Find the area of the largest rectangle that can be inscribed in a right triangle with legs of lengths 7 cm and 8 cm if two sides of the rectangle lie along the legs.

2. Hello, doneng!

Find the area of the largest rectangle that can be inscribed in a right triangle
with legs of lengths 7 cm and 8 cm if two sides of the rectangle lie along the legs.
Code:
      |
7 *
|  *
|     *
|        * P(x,y)
o - - - - - o
|           |  *
|          y|     *
|           |        *
- - o - - - - - o - - - - - * - -
|     x                 8

The equation of the hypotenuse is: .$\displaystyle y \:=\:-\tfrac{7}{8}x + 7$ .[1]
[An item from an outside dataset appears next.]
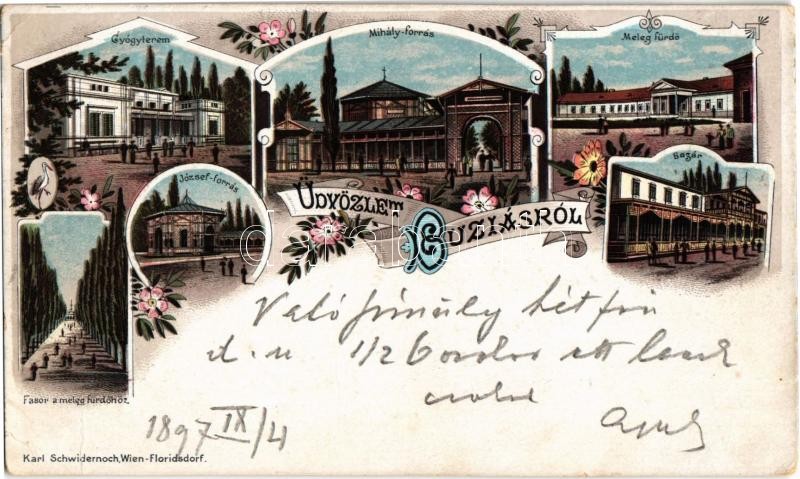 1897 (Vorläufer!!!) Buziásfürdő, Buziás, Baile Buzias; Gyógyterem, Mihály forrás, Meleg fürdő, bazár, József forrás, Fasor a meleg fürdőhöz / spa hall, bathing house, warm bath, thermal spring, bazaar. Karl Schwidernoch Art Nouveau, floral, litho (EK)

The area of the rectangle is: .$\displaystyle A \:=\:xy$ .[2]

Substitute [1] into [2]: .$\displaystyle A \:=\:x\left(-\tfrac{7}{8}x+7\right) \quad\Rightarrow\quad A \;=\;-\tfrac{7}{8}x^2 + 7x$

Differentiate and equate to zero: .$\displaystyle A' \;=\;-\tfrac{7}{4}t + 7 \:=\:0 \quad\Rightarrow\quad\boxed{ x \:=\:4}$

Substitute into [1]: .$\displaystyle y \;=\;-\tfrac{7}{8}(4) + 7 \quad\Rightarrow\quad\boxed{ y \:=\:\tfrac{7}{2}}$

Therefore, the maximum area is: .$\displaystyle A \;=\;xy \;=\;(4)\left(\tfrac{7}{2}\right) \;=\;\boxed{{\color{blue}14\text{ cm}^2}}$